As of the census of 2000, there were 21 people, 7 households, and 3 families residing in the CDP. The population density was 0.3 PD/sqmi. There were 30 housing units at an average density of 0.4 /sqmi. The racial makeup of the CDP was 81% White, and 19% Native American.

There were 7 households, out of which 4 (60%) had children under the age of 18 living with them, 4 (60%) were married couples living together, and 3 (40%) were non-families. 3 (40%) of all households were made up of individuals, and none (0%) had someone living alone who was 65 years of age or older. The average household size was 3.0 and the average family size was 4.5.
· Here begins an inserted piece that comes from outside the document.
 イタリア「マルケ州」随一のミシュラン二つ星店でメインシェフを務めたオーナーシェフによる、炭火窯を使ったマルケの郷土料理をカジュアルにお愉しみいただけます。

In the CDP, the population was spread out, with 8 (40%) under the age of 18, 2 (10%) from 18 to 24, 9 (40%) from 25 to 44, 2 (10%) from 45 to 64, and none (0%) aged 65 and over. The median age was 34 years. For every 100 females, there were 130 males. [9 females, 12 males]. For every 100 females age 18 and over, there were 160 males. [5 females, 8 males].
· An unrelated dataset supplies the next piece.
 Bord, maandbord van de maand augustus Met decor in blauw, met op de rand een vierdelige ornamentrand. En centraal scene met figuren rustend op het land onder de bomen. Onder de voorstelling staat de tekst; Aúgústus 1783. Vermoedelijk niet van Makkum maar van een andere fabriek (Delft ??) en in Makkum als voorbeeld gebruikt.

The median income for a household in the CDP was $23,750, and the median income for a family was $24,583. Males had a median income of $0 versus $11,250 for females. The per capita income for the CDP was $8,211. There were no families and 10% of the population living below the poverty line, including no under eighteens and none of those over 64.

Historical population
| Census | Pop. | Note | %± |
| 1930 | 58 |  | — |
| 1940 | 53 |  | −8.6% |
| 1990 | 33 |  | — |
| 2000 | 21 |  | −36.4% |
| 2010 | 14 |  | −33.3% |
| 2020 | 5 |  | −64.3% |
U.S. Decennial Census

==Education==
The community was previously served by a school of the Yukon–Koyukuk School District.

==Films==
- Zoltan Szalkai produced a film entitled Wise Men of Alaska (2000), shot in Wiseman village.